Moving Averages and Chebyshev's Theorem

There are plenty of places on the internet that discuss this, so why make another post to litter the world with more information? Simply put to give my perspective on these instruments and explain why they work mathematically.


A simple moving average, or simply SMA, is computed by taking the average of the previous n trading days.

For example, the 5 day simple moving average is S_5 = (x_1 + x_2 + x_3 + x_4 + x_5)/5 where x_1, x_2, x_3, x_4, x_5 are the closing prices of the previous 5 days. Obviously everyday a new average must be computed.

Traders tend to believe that if the moving average is sloping up and the prices are above the moving average, then the trend is up and prices are increasing. This makes sense, because the only way the moving average can get larger is if the closing prices are higher and higher. Remember that the definition of a trend is higher highs and higher lows.

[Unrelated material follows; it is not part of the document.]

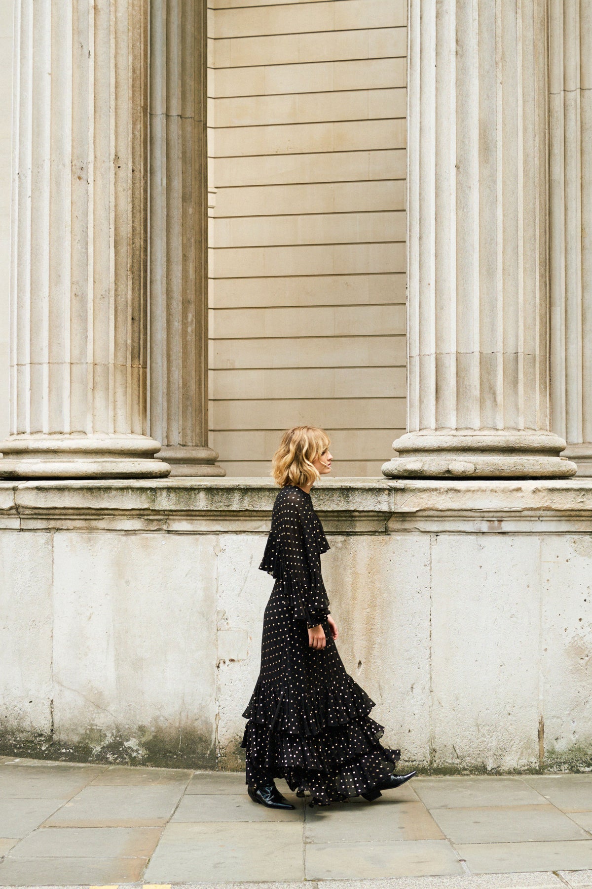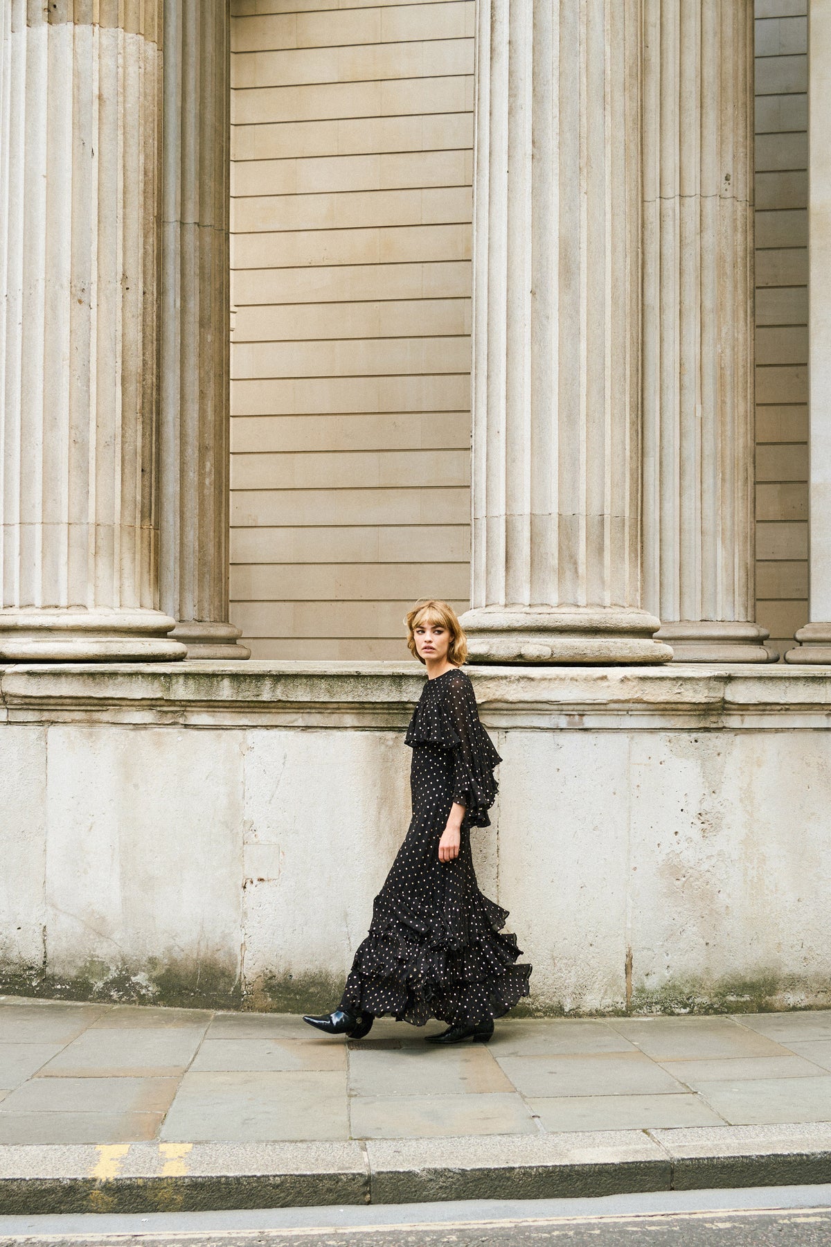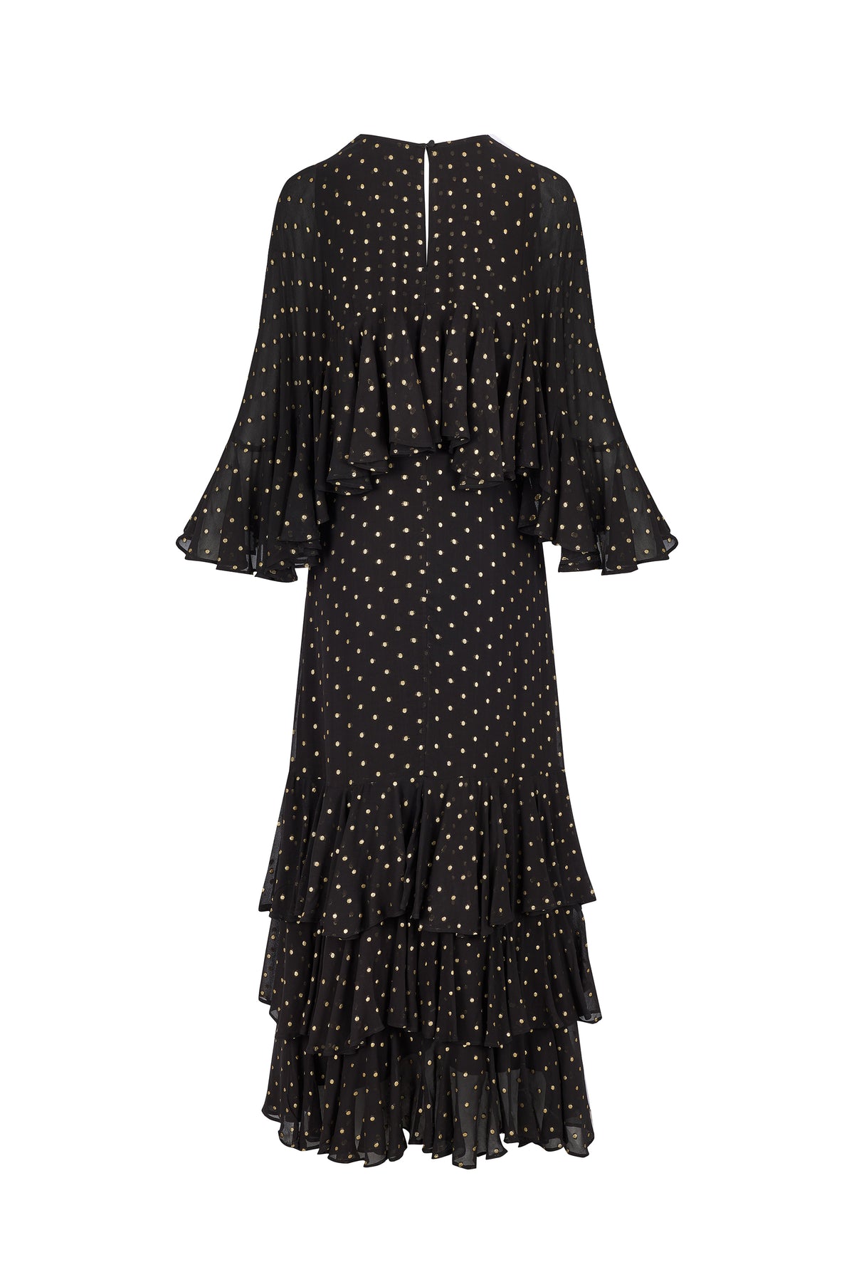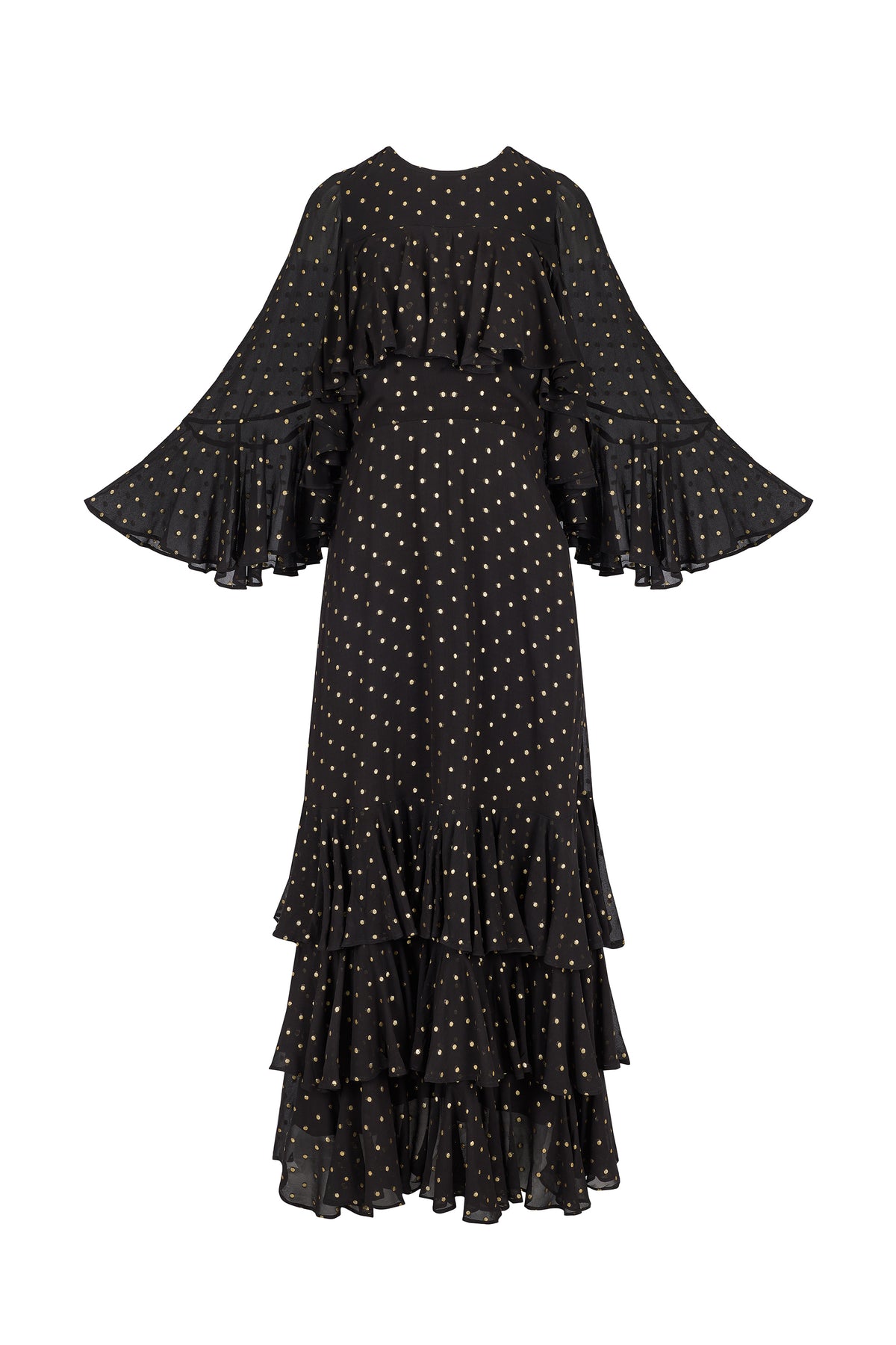 Petula is pure evening drama. A floor-sweeping silhouette in gauzy black chiffon, scattered with twinkling gold lurex polka dots that catch the light with every step. A soft cape overlay drapes over the shoulders, while the fluted sleeves and cascading ruffles create movement with cinematic flair.

Key point: higher highs and higher lows means higher closes, so a larger SMA.

Another reason to use SMA's is that the price is often difficult to read, whereas the SMA gives a picture of the price with less "noise". To be more precise, the standard deviation of the the last n closes of the SMA is smaller than the standard deviation of the last n market price closes.


This is why.

Let's define the following.
(1) s = the standard deviation of the last n market price closes. Formula:  s = sum( (x - SMA_n)^2 )/(n - 1)).
(2) SMA_n = the n day simple moving average. Formula: SMA_n =  sum(x_i)/n.
In both cases the summations run from 1 to n.
(3) S_n = the standard deviation of SMA_n. Formula: S_n = s/sqrt(n).

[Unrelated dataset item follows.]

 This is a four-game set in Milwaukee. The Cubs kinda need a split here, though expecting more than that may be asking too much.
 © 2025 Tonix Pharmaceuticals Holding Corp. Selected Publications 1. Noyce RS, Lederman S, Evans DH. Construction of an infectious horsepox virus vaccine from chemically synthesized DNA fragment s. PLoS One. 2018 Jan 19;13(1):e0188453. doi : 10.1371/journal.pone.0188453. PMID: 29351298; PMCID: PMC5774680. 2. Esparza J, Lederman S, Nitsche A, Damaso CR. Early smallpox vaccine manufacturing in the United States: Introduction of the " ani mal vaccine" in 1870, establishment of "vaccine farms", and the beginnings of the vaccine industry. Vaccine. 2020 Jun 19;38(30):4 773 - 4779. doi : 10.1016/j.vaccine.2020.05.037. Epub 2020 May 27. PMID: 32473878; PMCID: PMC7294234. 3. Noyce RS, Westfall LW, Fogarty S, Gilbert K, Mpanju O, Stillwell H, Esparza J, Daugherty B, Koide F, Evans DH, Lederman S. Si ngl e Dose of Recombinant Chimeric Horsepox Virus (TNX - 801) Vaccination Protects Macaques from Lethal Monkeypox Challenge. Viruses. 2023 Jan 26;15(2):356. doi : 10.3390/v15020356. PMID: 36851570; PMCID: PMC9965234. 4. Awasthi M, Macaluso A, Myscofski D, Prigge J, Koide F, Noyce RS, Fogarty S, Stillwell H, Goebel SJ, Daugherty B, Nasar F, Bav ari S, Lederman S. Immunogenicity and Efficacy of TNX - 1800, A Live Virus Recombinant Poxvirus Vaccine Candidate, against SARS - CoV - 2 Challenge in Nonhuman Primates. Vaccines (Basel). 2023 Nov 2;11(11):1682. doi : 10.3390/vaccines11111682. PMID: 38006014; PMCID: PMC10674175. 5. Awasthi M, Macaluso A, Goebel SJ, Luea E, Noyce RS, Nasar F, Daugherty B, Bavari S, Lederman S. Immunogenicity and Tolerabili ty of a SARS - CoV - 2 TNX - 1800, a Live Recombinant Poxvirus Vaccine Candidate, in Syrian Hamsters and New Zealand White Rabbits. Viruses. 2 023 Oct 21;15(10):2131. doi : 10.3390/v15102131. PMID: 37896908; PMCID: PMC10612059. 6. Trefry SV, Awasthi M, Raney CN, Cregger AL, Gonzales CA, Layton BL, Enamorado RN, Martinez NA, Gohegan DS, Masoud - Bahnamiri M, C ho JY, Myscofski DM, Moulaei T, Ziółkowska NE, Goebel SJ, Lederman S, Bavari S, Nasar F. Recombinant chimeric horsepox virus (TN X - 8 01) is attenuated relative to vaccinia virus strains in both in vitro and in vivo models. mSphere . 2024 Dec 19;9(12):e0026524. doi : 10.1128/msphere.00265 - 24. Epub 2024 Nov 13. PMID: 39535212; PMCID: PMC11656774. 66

Notice that as n->infinity we have S_n->0, so the larger that n is the smaller that S_n is. Also notice that s <= S_n for n >= 1.

This implies two things,

(1) The larger the number of days we use, the smaller the standard deviation of the SMA_n.
(2) The standard deviation is of SMA_n is always smaller than the standard deviation of the last n market price closes.

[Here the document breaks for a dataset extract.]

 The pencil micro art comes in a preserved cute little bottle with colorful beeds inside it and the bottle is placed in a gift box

Simply put, the standard deviation of the simple moving average is smaller than the standard deviation of the prices.

What is the standard deviation? Well if you look at the formula you can see that it is some sort of  average basically. It tells you, how far on average the prices will lie from the mean.

How can it be used? Well Mr. Chebyshev has the answer.


Chebyshev's Theorem
For any data set, at least 1-1/k^2 of the values lie within k standard deviations of the mean. Here k is any number bigger than 1.

Take for example k = 2.

Then for any data set, at least 1-1/2^2 = .75 of the values lie within 2 standard deviations of the mean.

Take k = 3.

Then for any data set, at least 1 - 1/9 = 8/9=.889 of the values lie within 3 standard deviations of the mean.

Here is an example.
1, 2, 3, 4, 5,100

The mean is xbar = (1 + 2 + 3 + 4 + 5 + 100)/6 =19.17 (rounded).
The standard deviation is s =  39.625 (rounded).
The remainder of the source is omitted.